Top Tips for a Safe Road Trip

Road trips can be one of the best parts of summer! Here are some tips for a safe road trip.

1. Give your car a tune-up

Make sure your car is in good working order before you leave. The last thing you need is the stress and danger of being stranded in the summer heat.

  • Check the fluid levels.
  • Make sure all of the lights are working.
  • Check the condition and pressure of the tires.
  • Check for leaks and strange noises.
  • Make sure the brakes are working properly.
  • Change the oil if needed.
  • Take your car to the shop for a road trip package if you are unsure of how to do all of the maintenance yourself.

2. Avoid distractions

Not driving distracted is one of the most important road trip tips. Distracted driving is one of the biggest risks you can take when you are on the road. Do not try to multitask. Devote all of your focus to driving instead.

  • If you are going on a road trip, chances are that you will not be travelling alone; have some ground rifles to avoid distractions. Have others in the car avoid distracting activities like shouting or jostling and pull over if you need to.
  • Ask for help with multitasking. Ask someone to navigate and someone else to be in charge of the music.

3. Drive defensively

Be aware of other drivers on the road and be prepared for potential accidents. If another driver is doing something potentially dangerous, like speeding or trying to cut you off, remove yourself from the situation.

  • Keep an eye on other drivers.
  • Check your blind spots.
  • Avoid people who are driving erratically.
  • Avoid conflicts with other drivers.

4. Do not drive when tired

Fatigue is just as dangerous as impaired driving and can be a risk with long road trips.

  • Get lots of sleep the night before you leave.
  • Take turns driving if another driver travelling with you.
  • Take lots of coffee breaks and pull over for a nap if you need to.
  • Plan your route ahead of time to avoid long stretches of driving.
  • Take breaks to refuel, rest, and eat.
  • Know where you can stop if you need to

Pull over if:

  • Your eyelids are feeling heavy and you are having a hard time keeping your head up.
  • Focusing is becoming difficult.
  • You find yourself daydreaming.

5. Do not speed

It might sound like common sense, but many drivers ignore the speed limit, thinking that they are not taking much of a risk getting to their destination a little quicker. But the faster you are driving, the longer it takes to stop or slow down, and you will have less time to react to a dangerous situation.

Be aware of your speed by looking for traffic signs, checking the speedometer, and avoiding distractions. Also, leave earlier than you think you need to, so you are not rushing to reach your destination.

6. Maintain a safe following distance

Always have a cushion of space between you and the car ahead.

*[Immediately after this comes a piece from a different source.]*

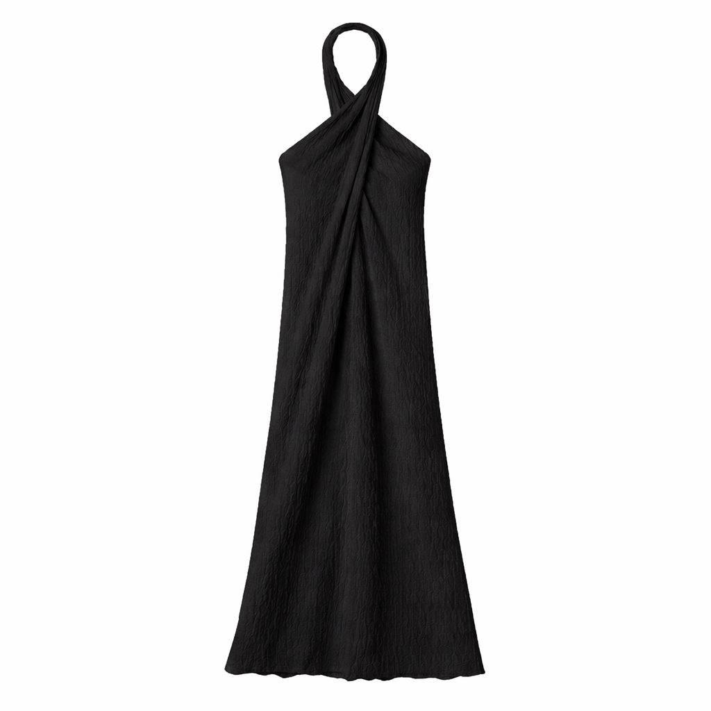 The Stella Dress is a sheer, cross-neck style that can be styled over the Mika Pant or your favorite swim.

Follow the three-second rule by leaving enough space between you and the car ahead of you to count to three. This gives you time to avoid hazards. Turn the three-second rule into the four-second rule for large trucks and vehicles with big blind spots. If the weather is bad or driving conditions are unsafe, leave six seconds between you and the vehicle ahead.

7. Be prepared for emergencies

Make sure you have an emergency kit in your car. It should include:

  • Water
  • Non-perishable food
  • Clothes
  • Blankets
  • First aid kit
  • Flashlight
  • Emergency phone numbers and a fully charged phone or charger
  • Jumper cables
  • Tools for changing tires and a spare tire
  • High visibility jackets and cones

8. Have roadside assistance

Purchasing a roadside assistance plan before you leave is part of a safe summer road trip. Different types of mishaps can occur while you are on the road, for example, you could run out of gas, get a flat tire, your car can break down, or you could even get lost. Having a roadside assistance plan means that you will not be stranded, and many plans also come with deals on hotels, restaurants, and attractions.

9. Wear sunglasses

Wearing polarized sunglasses while driving reduces glare from other vehicles and the road, which can impair your vision. Sunglasses will also reduce eye fatigue and protect your eyes from UV rays.

10. Check the weather

Check the weather forecast before you leave so you know what to expect along your route. If there is going to be a storm, you may want to consider staying until it passes and checking out local attractions instead of driving. If there is an unexpected storm and you must pull over, turn your hazard lights on.